Correva l’anno 1991 e al festival del cinema di Venezia, in una delle ultime proiezioni, ho visto Y tu mamá también (regia di Alfonso Cuarón, protagonisti Diego Luna e Gael García Bernal, mai visti sullo schermo) per la prima volta. Avevo una voglia matta di vederlo: al Lido serpeggiano pareri favorevoli, la trama pareva divertente, si trattava di un’opera prima.
Non ho tirato un sospiro per tutta la durata del film, nemmeno quando, a pochi minuti dall’inizio, l’audio scompare completamente per lasciare spazio ad una voce fuori campo straniante che punteggia l’intera pellicola con intelligenza e sapienza di scrittura. La pellicola è costellata di scene sessuali esplicite, che non impediscono il circolare di un’aura di malinconia diffusa. Alla prima visione mi sono identificata sia con i pischelli che con la giovane donna, in un’altalena di desiderio di ludicità e consapevolezza della fine, marijuana e tequila, oblio e carnalità.

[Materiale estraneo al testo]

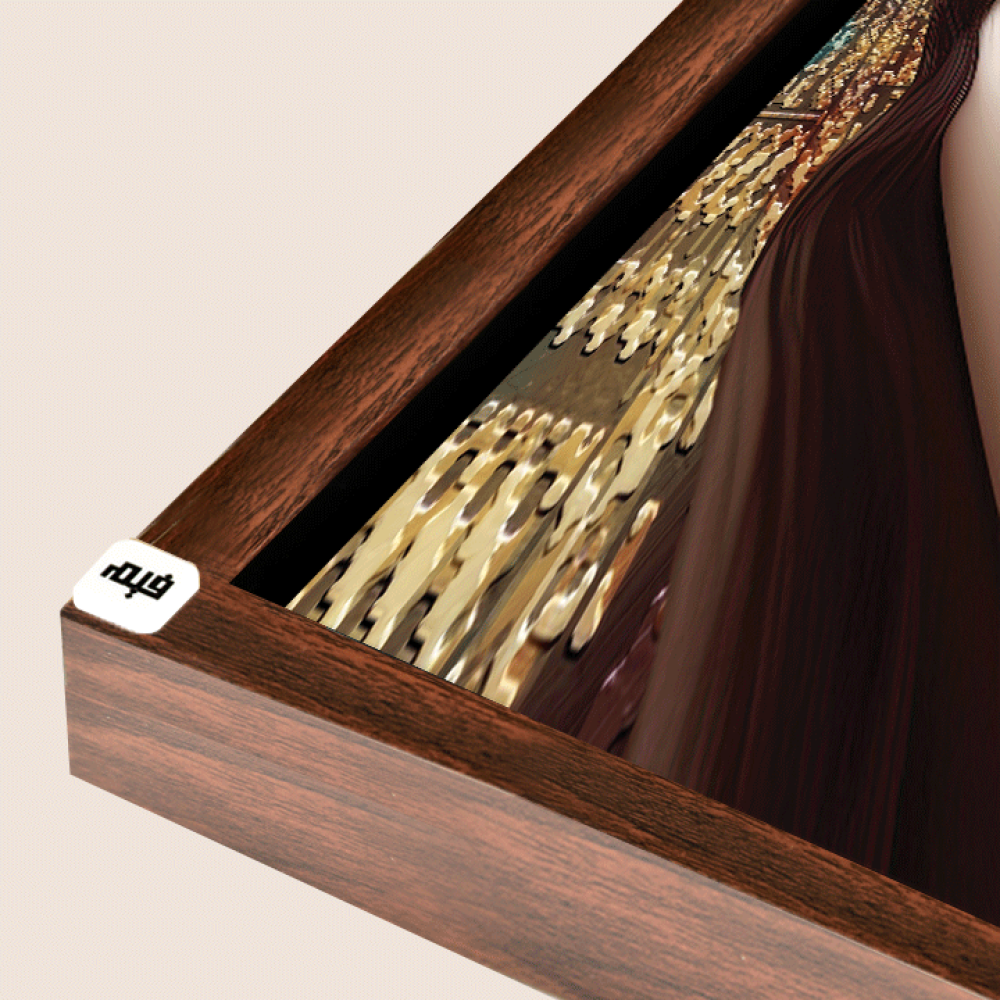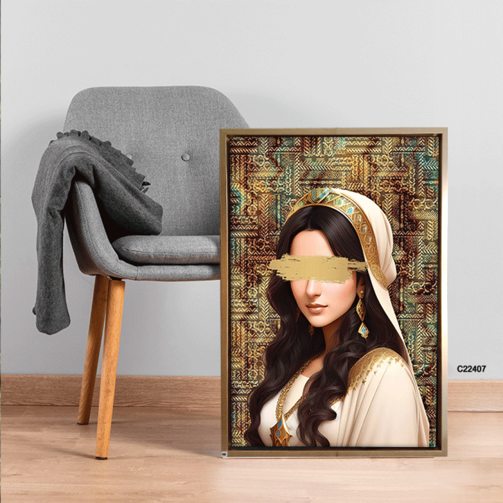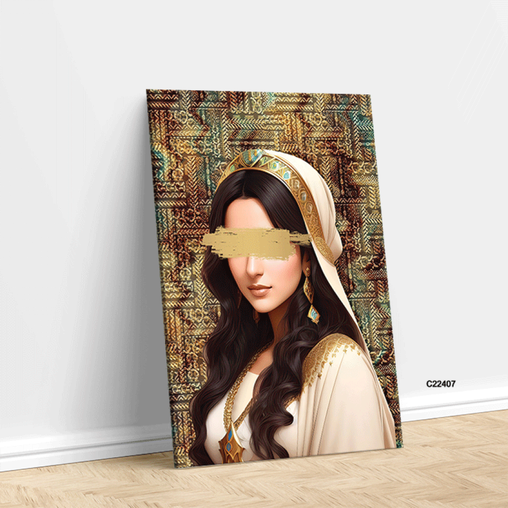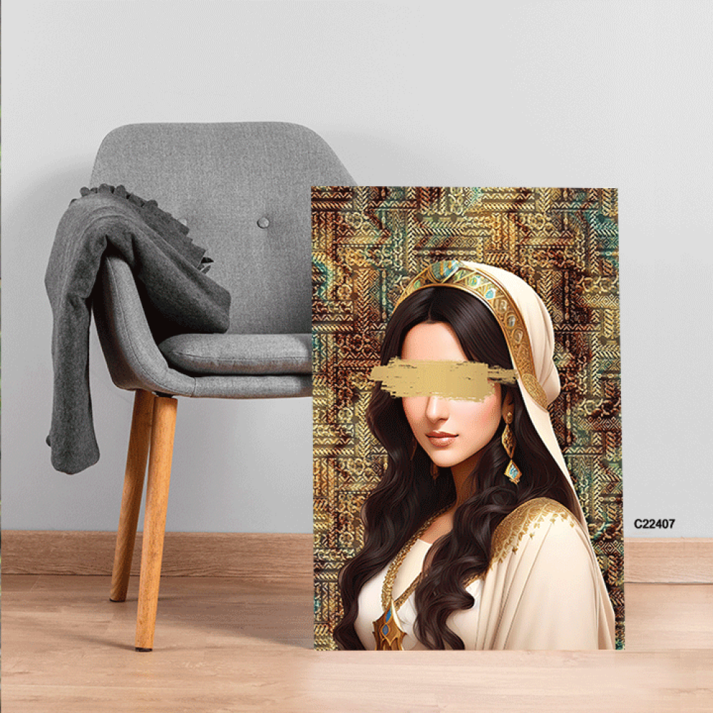 تتميز هذه اللوحة بتصميم مذهل لامرأة ترتدي رداء بيج، وشعرها الطويل يتدلى بانسيابية، متزينة بالحلي الذهبي وتدرجات التيفاني. تبرز خلفية اللوحة بالنقوش وا...

Oggi che ho cambiato casella della vita, da studentessa universitaria del dipartimento di spettacolo a madre regista che scrive di cinema, mi attira di più la figura femminile, Luisa: una moglie infelice, malata terminale (senza che si sappia fino all’ultima sequenza), che decide di vivere i suoi ultimi giorni educando al sesso (fatto bene) due adolescenti inquieti, lasciandosi andare ad una notte caliente a tre, che lascia un segno profondo nelle personalità di ognuno, come dev’essere in ogni storia che si rispetti: si entra in un modo e si esce in un altro, il cambiamento avviene tramite un misto di dolore e piacere perché crescere è faticoso, nuovo, stupefacente. Come un tuffo sott’acqua cercando di trattenere l’aria fino all’ultimo respiro.